Coming up from Troy a double row of maples show where the road originally
led along the brow of the hill and joined Elmira street opposite the Stanton
stock farm. In the distance a grove of hickory trees still stand. In this
grove Mr Porter and his brother, George, caught grey squirrels by bending
over the little saplings when they ran up in the top. The boys wore thick
mittens and would catch them in their hands. They got fifty cents a piece
for them.Two Troy boys, Lucian and Edward Ballard were in New York city
going to school. They were sent to them and they sold them to stock Central
Park.
On the old homestead is a barn built in or about 1832 in a good state
of preservation.Below the row of maples there is a ledge of rocks where
Rufus Baldwin quarried out grind stones to sell. Across the brook which
used to be as full of trout that the boys sometimes caught them in their
hands, is the Crystal Ice company's little dam of concrete. In this stream
Brigham Young, of Utah fame was baptisted in the early days. In the Hunt
school house which used to stand near the cemetery corner, Brigham preached.
Mr Porter attended the meetings. The people in that vicinity made such
a fuss he got frightened and moved very suddenly.
In those days wolves and panthers were thick. Mr Porter said he held
a tallow candle to give light to sight the gun, to kill a wolf that had
caught a calf.Young Lyman and his father were working in the corn field,
and he told his father there was a black hog there - the father went for
the gun, Lyman on guard. It proved to be a large black bear.
When they lived in the log house built in 1820, they had two doors opposite-
one at each end ofthe house, and a fireplace half way across the side.
They would take a horse and log chain anddraw the back log up to one door,
unfasten the chain and take the horse and chain around to theother door
and hook on the chain and draw the log on the fire place. The maple sugar
soldfor three cents a pound.
This same young man took his best girl to a donation and he had no way
to pay for their supper. He told his mother his troubles and she helped
him out by sending a pound of old fashioned lick sausage. The donation
was held at the home of Deacon Daniel Dobbins, at the corner of the Porter
road.
The preceding is from an undated scrapbook clipping, photocopy of which
is in possession of Joyce M. Tice.
PRANKS OF YESTERYEAR IN TROY
We are indebted to Miss Charlotte E. Paine and to David Paine, New
York, who arranged the material, for the following tales of the Troy of
the fifties. The late Dr. Robert Kendall loved to tell these stories of
his young manhood here and, although many changes have taken place in Troy
since the stories were told and since his death, we print them just as
told to the Paines that summer evening in 1917.

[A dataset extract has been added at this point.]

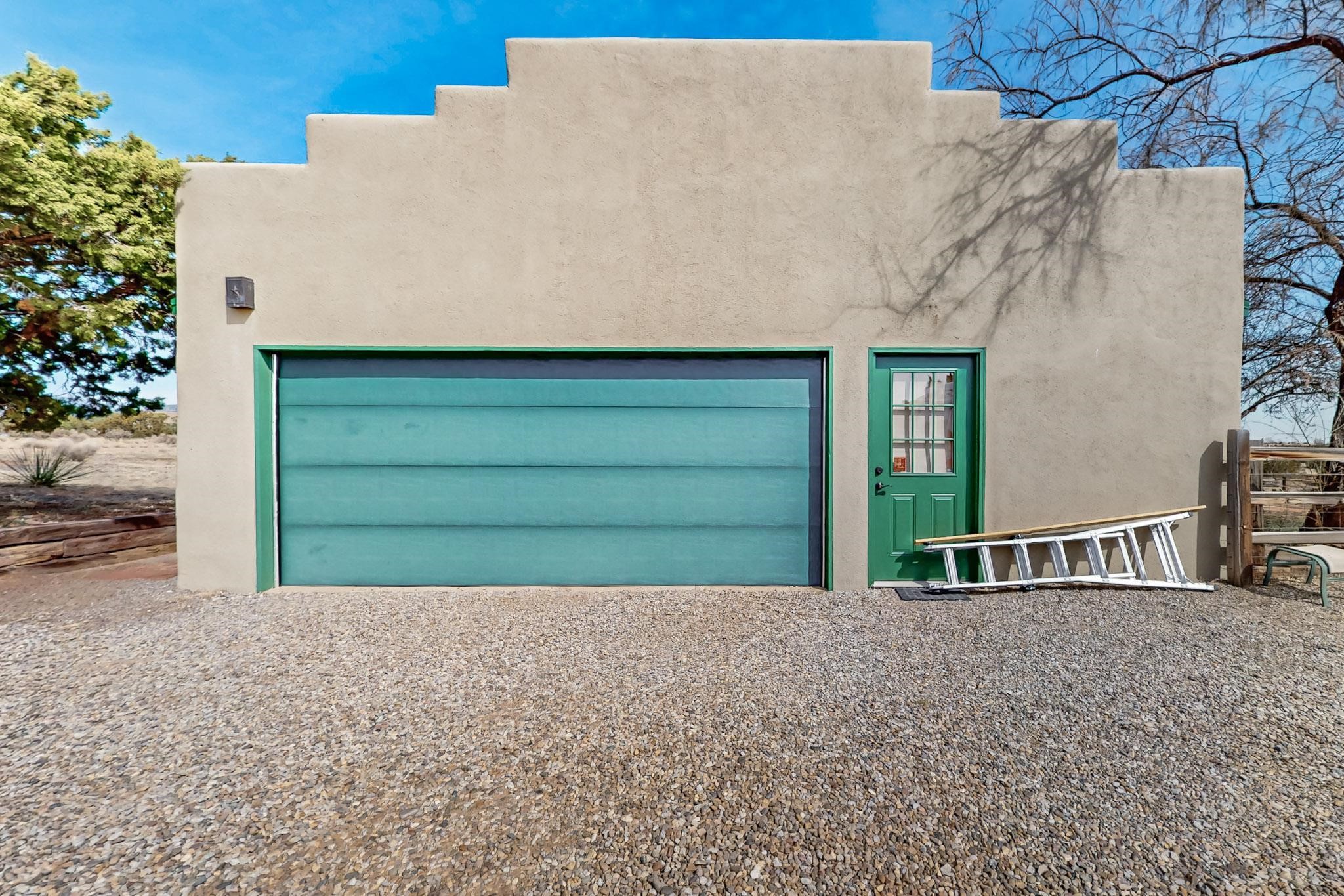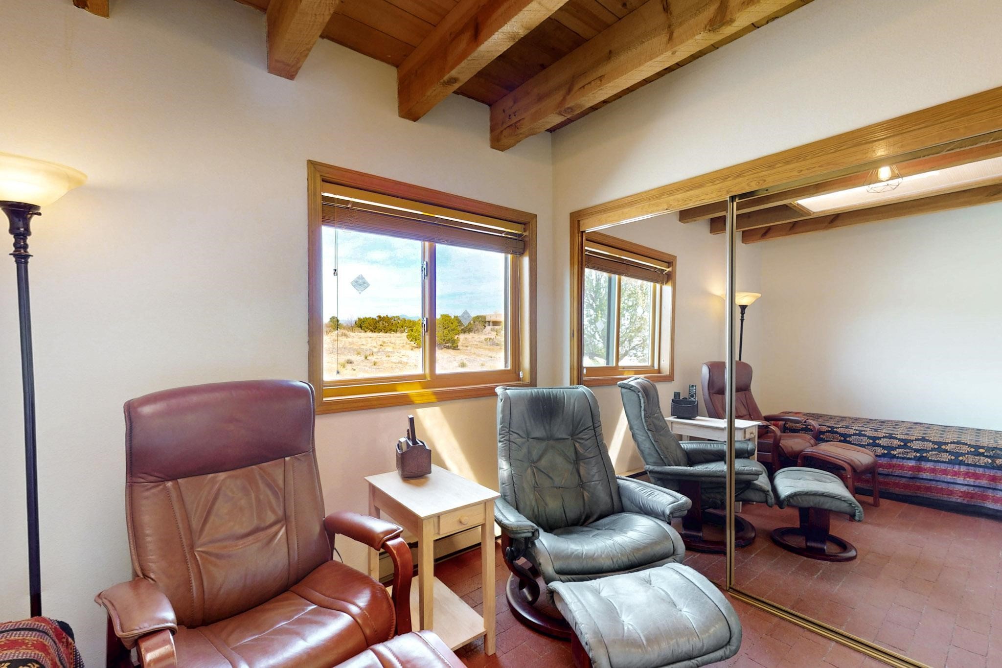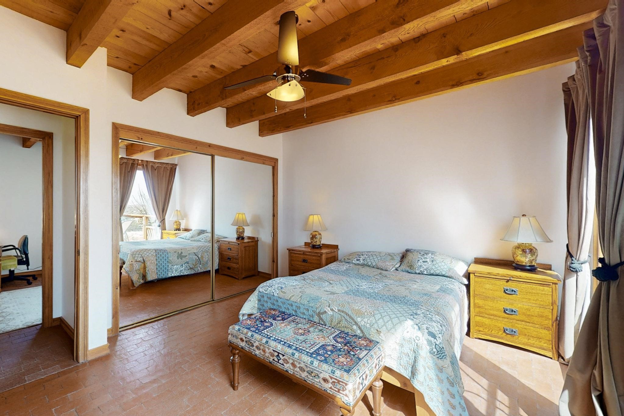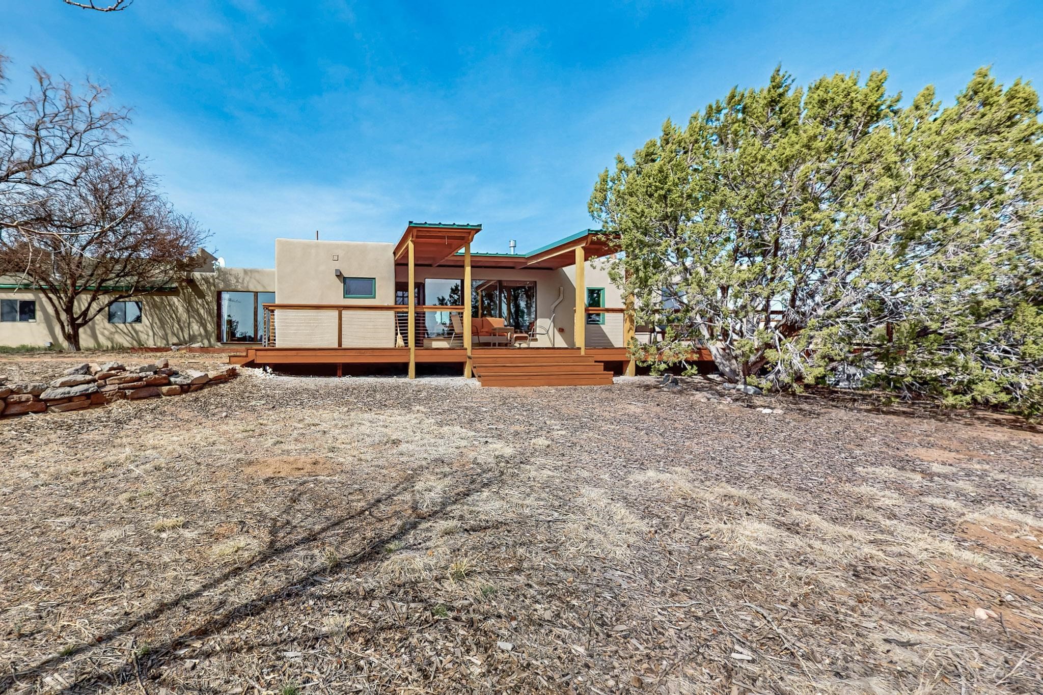 Newly priced lovely remodeled pueblo farmhouse with gleaming Saltillo tile and brick floors, beam ceilings throughout and long south facing windows for passive solar winter gain. The kitchen was remodeled, also both bathrooms were remodeled in 2021. The main bedroom bathroom has a spa like finish and includes a remodeled laundry area with a new Navien hot water heater in 2021, washer and dryer installed in 2022. Extremely flexible floor plan with two master suites, plus another guest bedroom center by the main living open plan areas. There are two mini splits to cool in the summer and 2 gas Regency stoves installed in 2015 add a cosy winter heat, serviced in 2024. A large deck was installed in 2020 for outside enjoyment, and the 2 car garage which was once used as a workshop has an old woodstove. The roof has been maintained, the private well pump was replaced in 2010, and a Nuvo water filter installed in 2021. There is a large fenced private back yard and plenty of parking space for guests. This home accesses all of Eldorado amenities, close to local shopping, the pub, schools, parks, trails, library and senior center and is only minutes into Santa Fe.

Here follows an account of some of the early days in Troy and the vicinity
as related by Dr. R. C. Kendall, who came to Troy with his parents from
Athens at the age of thirteen in 1849.
These tales were told by Dr. Kendall, sitting in grandmother Herrick’s
chair on the porch at Briar Cottage, Mountain Lake, one July night in 1917.
About the year 1856 there were a number of young fellows in Troy who
seemed to have been drawn together by their uncontrollable propensities
for mischief. By day they worked as clerks in Ballard’s, Hayden’s and Long’s
stores. By night their agile minds were turned towards plots against the
sleep of the Village. What little sleep they seemed to need they got in
their rooms over the various stores in which they worked. Besides Bob Kendall
there were Dave Ayres, later the husband of Emma Redington, Con Holiday,
Oscar Adams and his brother, Mort, George Davison, Asa Landon, Clem Paine,
who later moved to Williamsport, Gid Jones and several others and what
those fellows used to do to keep town awake, as Dr. Kendall says “beats
my time”. Its easy to suppose he was their leader, but he declines the
honor and says it was Gid Jones.
In those days Troy’s livery stable was owned and run by a man named
Asa B. Moore. It was located on Centre Street, where the Troy House barn
now stands. Asa was much more than a livery man for he kept a pack of hounds
and had a tame fox which he had caught somewhere in the Troy hills. Tom
Dove also kept a pack of hounds.
One muggy summer’s night in 1856 when the little village was peacefully
asleep and no one stirring on the streets, this band of young Trojans came
forth from their lodgings over the various stores and made their way to
Asa Moore’s livery stable. They found an unfastened window and Gid Jones
was hoisted through it. He dropped inside and quickly found the fox and
led him out on his chain, by which he was fastened. Then he and his gang
carried the fox to the corner of Main Street and there put him on the ground,
and led him up the street to the old Ballard Exchange building, long since
destroyed. This building occupied the space from Exchange Street to where
the Troy House stands and at that time Hayden’s store was there, and also
Dewey and Winston, who dealt in wool and hides and upstairs living apartments
and law offices, Squire Kendall, the Doctor’s father, a Justice of the
Peace, had his office there. On the third floor was a large ball room.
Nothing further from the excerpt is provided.